The newer mail command also displayed one message at a time and allowed options for the user to save the message, delete the message, and even to reply to it (that is, send a message back to the person who sent you a message).  The reply message usually has the same “subject” as the original, with “Re:” prepended.  Sometimes the original message is quoted in the new message body as well.

Email continues to be very popular.  The marketing research firm Radicati reports over 215 billion email messages are sent every day (in 2016).  That comes to over 2 million email messages sent or received every second!  (Sadly, other estimates indicate that over 90% of that is spam or other forms of malware, such as viruses.)

The invention of email is generally credited to V.A. Shiva Ayyadurai in 1978, while he was a high school student in New Jersey.  However, this isn't true at all; email was in use in the early 1970s.  Apparently, this guy invented a program he called “EMAIL”, and the press got confused.
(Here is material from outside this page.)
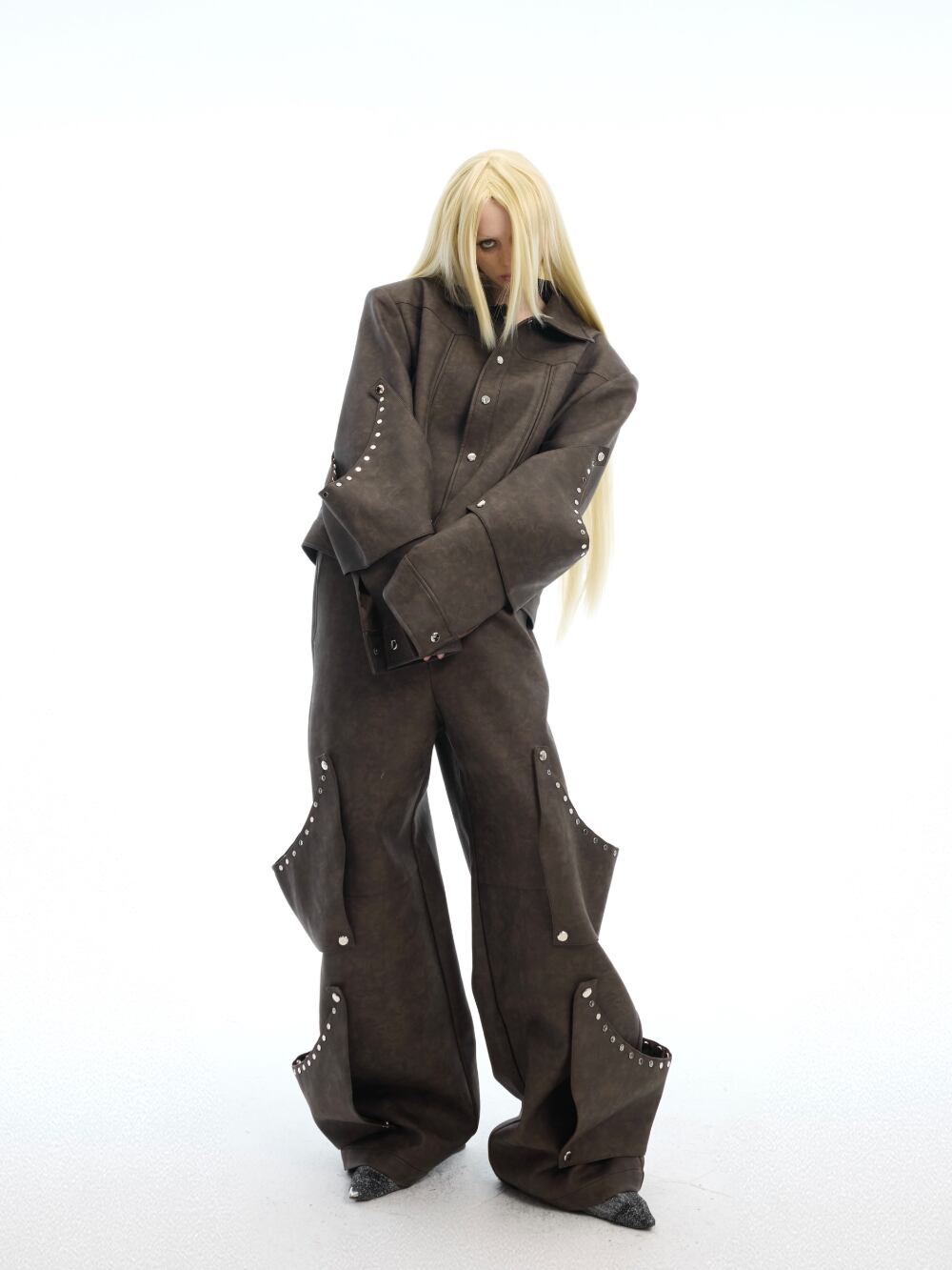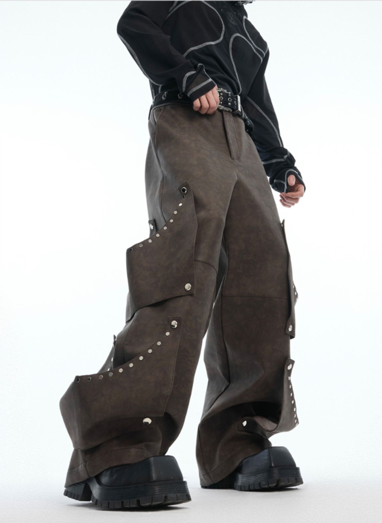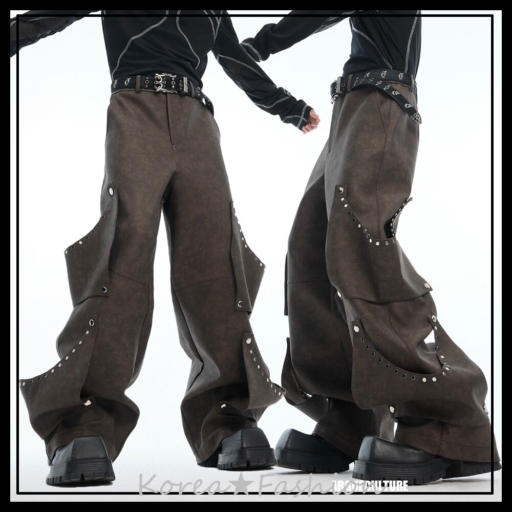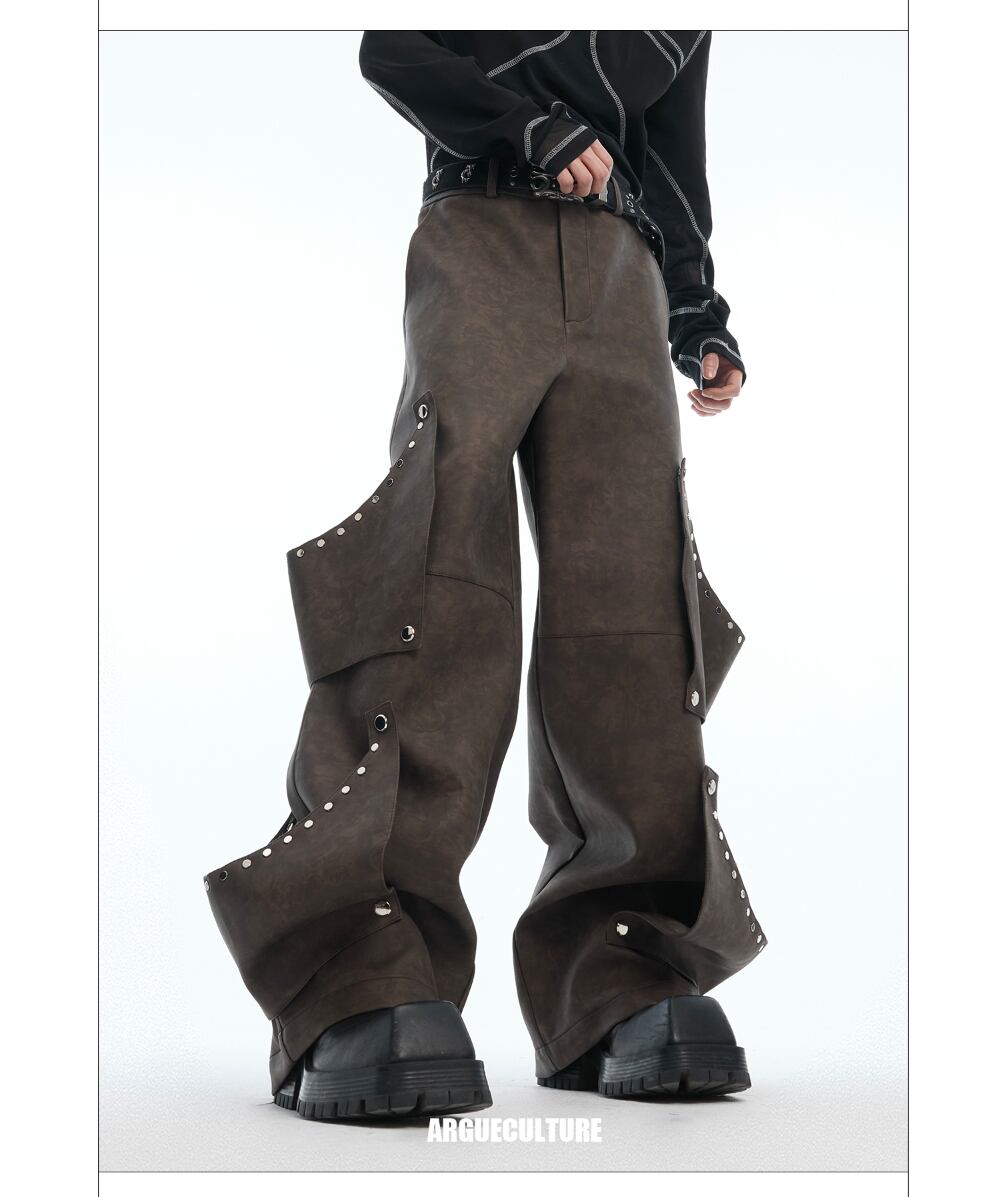 Argue Culture フェイクレザーパンツストリートスタッズ切り替え

Headers, Body, and Envelope:

An email message contains three parts: the envelope which identifies the sender and recipients, the headers, and the message body.  The headers and body together are referred to as the message.

It is important to understand that only the recipients listed on the envelope will receive an email message; mail servers never look at any headers to determine this!  Also, the envelope is not part of the message that gets saved in a user's mailbox.  So once some email message is delivered to you, you can't tell who else was listed on the envelope.

The special header mentioned above that identifies the start of an email message in a mailbox looks like this:

From sender date

(Note the space and no colon after “From ”.  This special “From ” header is part of the mailbox format common to most systems, known as MBOX or Berkeley mailbox format, and is not a standard email header at all.  See RFC-4155 and the mbox(5) man page for details.)  This “From ” header is generated automatically from the envelope from address.  Even if a “From ” header was provided, it is over-written by most mail servers with the real sender.  This header is always the first one of an email message.  When a mail program is reading a mailbox, an email message begins with this header and continues until the next “From ” header, or until the end of the file.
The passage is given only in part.